Il riferimento del premier ai ‘giovani con machete’ suona come una vera e propria provocazione, visto che gli attivisti dell’opposizione e la stampa turca da giorni denunciano la crescita di aggressioni contro manifestanti e giornalisti da parte di uomini in borghese armati di machete o di mazze da baseball, in alcuni casi membri del partito governativo e in altri esponenti dei servizi di sicurezza. Vere e proprie squadracce dedite ad affiancare i reparti antisommossa durante la repressione delle manifestazioni di piazza o ad aggredire fisicamente ed intimidire gli attivisti durante le assemblee convocate dai comitati locali di ‘Taksim Solidarietà’ nei diversi quartieri e parchi della città. E’ ad una di queste squadracce che si deve la morte di uno studente diciannovenne, Ali Ismail Korkmaz, morto mercoledì dopo più di un mese di coma causato dal pestaggio al quale era stato sottoposto all’inizio di giugno durante una manifestazione antigovernativa a Eskisehir, nel sud della Turchia. Un testimone ha raccontato l’agguato e il pestaggio, denunciando la complicita’ fra agenti in uniforme e aggressori. ”E’ stato gettato a terra, colpito più volte alla testa, al torace, sulla schiena, ha perso coscienza”. Il quotidiano di sinistra Radikal pubblica sul proprio sito alcuni video di diversi pestaggi. Ma 18 minuti delle registrazioni delle telecamere di sicurezza della strada in cui é stato mortalmente picchiato Korkmaz sono ‘inspiegabilmente’ scomparsi. Aggressioni simili contro i dimostranti sono state segnalate anche ad Ankara, Istanbul, Smirne, Antiochia.
Da parte sua la famiglia del giovane manifestante Ethem Sarisuluk, ucciso ad Ankara da un colpo alla testa sparato a bruciapelo da un agente durante le proteste del primo giugno, ha denunciato di avere subito minacce da parte della polizia per avere chiesto che la giustizia punisca il colpevole.
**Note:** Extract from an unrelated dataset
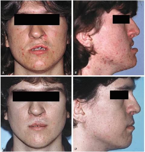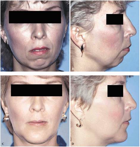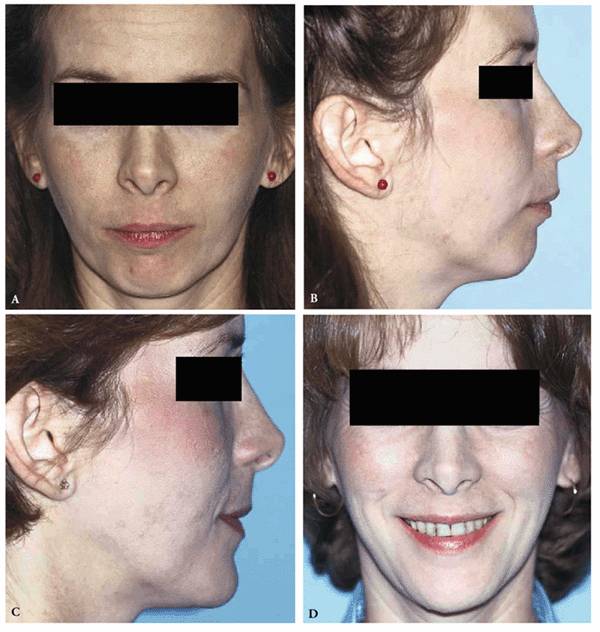 Figure 26-20A to D: (A) Preoperative frontal view of patient with chin deficiency. (B) Preoperative profile appearance. (C) Postoperative appearance following advancement of the chin with sliding horizontal osteotomy and chin implant placed over advanced chin. (D) Postoperative profile appearance.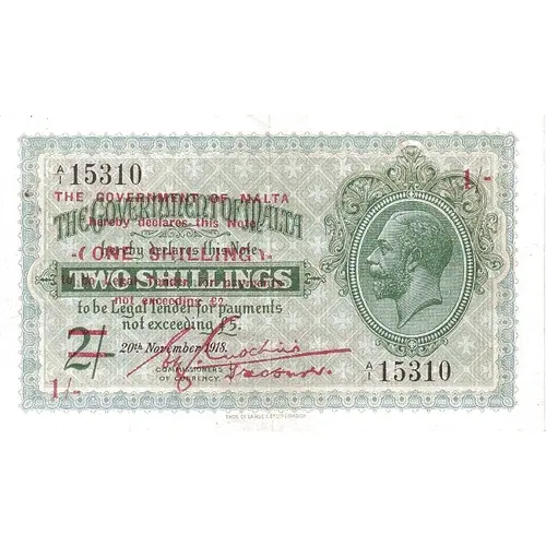 | Obverse lettering | THE GOVERNMENT OF MALTA Hereby declares this Note -( ONE SHILLING )- to be legal tender for payments not exceeding £2 |

Secondo la stessa stampa turca – sottoposta ad una rigida censura – il comando della polizia di Ankara ha tardato settimane a comunicare alla procura il nome dell’agente responsabile dell’uccisione di Sarisuluk, un operaio alawita di 26 anni. Un giudice di Ankara ha poi deciso di lasciarlo a piede libero considerando che avrebbe agito per ‘auto-difesa’. Le immagini dell’episodio diffuse da Halk Tv mostrano che l’agente ha prima preso a calci un manifestante poi ha estratto la pistola e esploso almeno tre colpi, mentre Sarisuluk crollava a terra. La decisione del magistrato ha suscitato indignate proteste di manifestanti anti-governativi e stampa di opposizione, che hanno denunciato la ‘impunita” garantita ai poliziotti responsabili della feroce repressione delle manifestazioni delle ultime settimane. Secondo la stampa la polizia ha addirittura arrestato un manifestante testimone dell’omicidio. La famiglia di Sarisuluk si é costituita parte civile e il fratello e la nuora del giovane ucciso hanno riferito, scrive Hurriyet, che la polizia ha perquisito le abitazioni di diversi membri della famiglia, a scopo puramente intimidatorio. Gli agenti hanno fra l’altro detto a una zia di Mustafa Sarisuluk di avvertirlo che “lo arresteremo non appena lo troviamo, perché parla troppo”.